MAJOR-GENERAL Charles J. Dunlap in his academic piece titled “Lawfare Today: A Perspective”  opined that: “As I say, lawfare is much like a tool or weapon that can be used properly in accordance with the higher virtues of the rule of law — or not. It all depends on who is wielding it, how they do it, and why”. 

Over the last three years the term lawfare has been increasingly invoked and loosely thrown around in the legal and political discourse of Zimbabwe.

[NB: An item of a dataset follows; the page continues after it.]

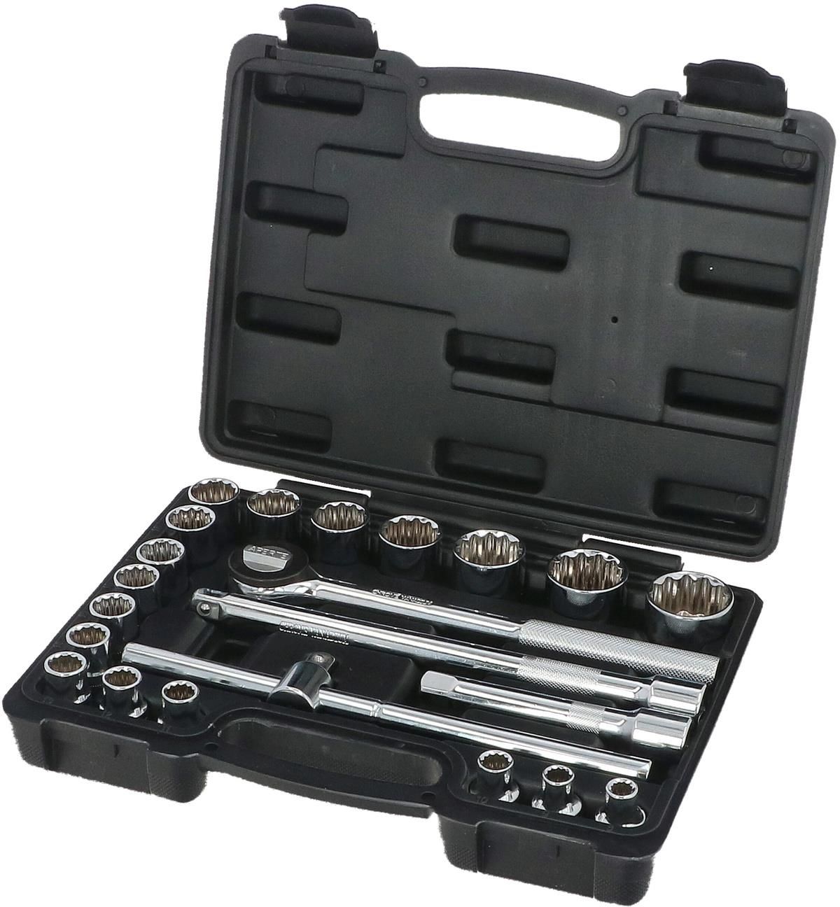 W zestawie znajdują się następujące elementy: ROZMIAR 1/2" nasadki dwunastokątne: 8, 9, 10, 11, 12, 13, 14, 15, 16, 17, 18, 19, 21, 22, 24, 27, 30, 32 mm przedłużka: 10"(250 mm), 5" (125 mm) rękojeść przesuwna T 1/2" 250 mm rękojeść z grzechotką 1/2"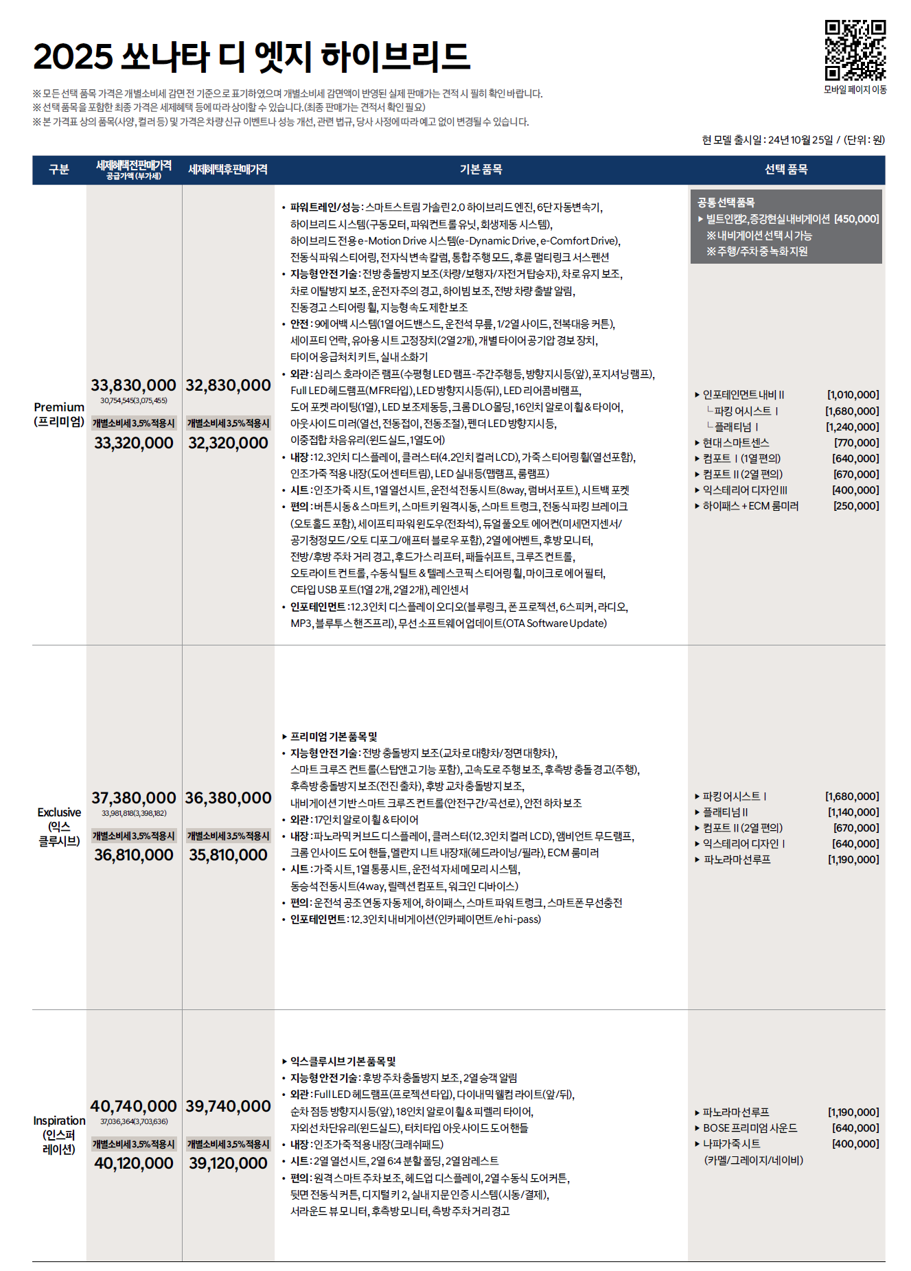 가격표(PDF) - 소나타 디엣지 하이브리드

Thus, it has largely assumed a negative connotation in the majority of instances it is invoked and referenced. This is largely due to the manner in which the law and judiciary have been instrumentalised and weaponised against pro-democratic forces, civil society activists and opposition movements in Zimbabwe. The law is increasingly deployed as a sword by the state  and as an instrument of oppression, coercion and control on citizens. However, lawfare can also be a force for good, that is citizens and pro-democratic forces can also deploy the litigious methods  of lawfare as  a form of an administrative-law review mechanism, where citizens demand the state to uphold  the rights of the citizens and honour its constitutional obligations. That is, the law being instrumentalised and deployed as a shield  to protect the citizens and to push back against the extralegal and extra-constitutional excesses of the state.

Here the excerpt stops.